Machine Learning DevOps


Machine learning models make predictions for new data based on the data they have been trained on. It is essential that the data is clean, correct, and safe to use without any privacy or bias issues. Real-world data can also continuously change, so inputs and predictions have to be monitored for any shifts that may be problematic for the model. These are complex challenges that are distinct from those found in traditional DevOps.

  • Motivation

DevOps practices are centred on the “build and release” process and continuous integration. Traditional development builds are packages of executable artifacts compiled from source code. Non-code supporting data in these builds tends to be limited to relatively small static config files. In essence, traditional DevOps is geared to building programs consisting of sets of explicitly defined rules that give specific outputs in response to specific inputs.

In contrast, machine-learning models make predictions by indirectly capturing patterns from data, not by formulating all the rules. A characteristic machine-learning problem involves making new predictions based on known data. Machine-learning builds run a pipeline that extracts patterns from data and creates a weighted machine-learning model artifact. This makes these builds far more complex and the whole data science workflow more experimental. As a result, a key part of the MLOps challenge is supporting multi-step machine learning model builds that involve large data volumes and varying parameters.

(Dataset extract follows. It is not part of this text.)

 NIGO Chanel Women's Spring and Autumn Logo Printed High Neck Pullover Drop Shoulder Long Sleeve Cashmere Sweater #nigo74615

To run projects safely in live environments, we need to be able to monitor for problem situations and see how to fix things when they go wrong. There are pretty standard DevOps practices for how to record code builds in order to go back to old versions. But MLOps does not yet have standardisation on how to record and go back to the data that was used to train a version of a model.

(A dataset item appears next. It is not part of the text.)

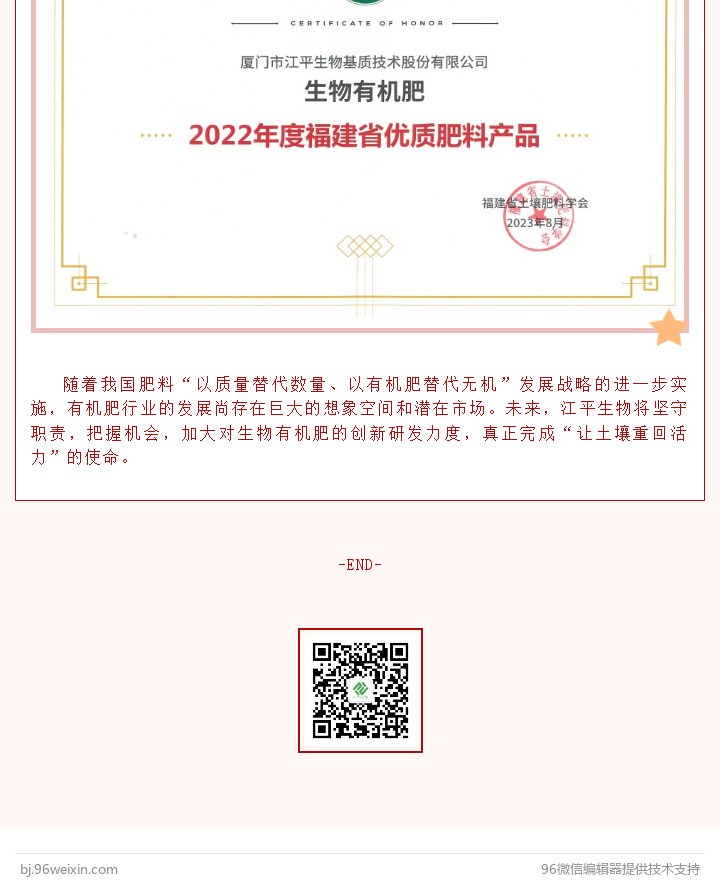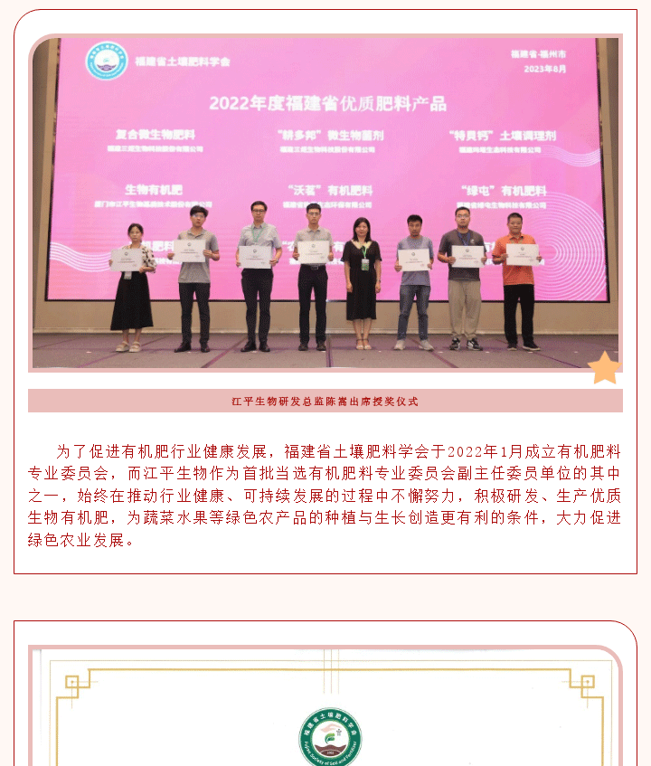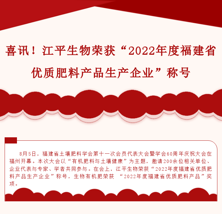 喜訊!江平生物榮獲“2022年度福建省優(yōu)質(zhì)肥料產(chǎn)品生產(chǎn)企業(yè)”稱號(hào)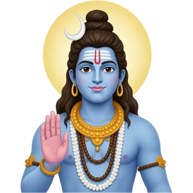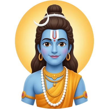 lord vishnu, shoulder length black hair, wearing crown, holding conch and chakra, blue color skin emoji

There are also special MLOps challenges to face in the live environment. There are largely agreed DevOps approaches for monitoring for error codes or an increase in latency. But it’s a different challenge to monitor for bad predictions. You may not have any direct way of knowing whether a prediction is good, and may have to instead monitor indirect signals such as customer behaviour. It can also be hard to know in advance how well your training data represents your live data. For example, it might match well at a general level but there could be specific kinds of exceptions. This risk can be mitigated with careful monitoring and cautious management of the rollout of new versions.

  • Tool landscape

The effort involved in solving MLOps challenges can be reduced by leveraging a platform and applying it to the particular case. Many organisations face a choice of whether to use an off-the-shelf machine-learning platform or try to put an in-house platform together themselves by assembling open-source components. Some machine-learning platforms are part of a cloud provider’s offering. This may or may not appeal, depending on the cloud strategy of the organisation. Other platforms are not cloud-specific and instead offer self-install or a custom hosted solution. Instead of choosing a platform, organisations can instead choose to assemble their own. This may be a preferred route when requirements are too niche to fit a current platform, such as needing integrations to other in-house systems or if data has to be stored in a particular location or format. Choosing to assemble an in-house platform requires learning to navigate the ML tool landscape. This landscape is complex with different tools specialising in different niches and in some cases there are competing tools approaching similar problems in different ways.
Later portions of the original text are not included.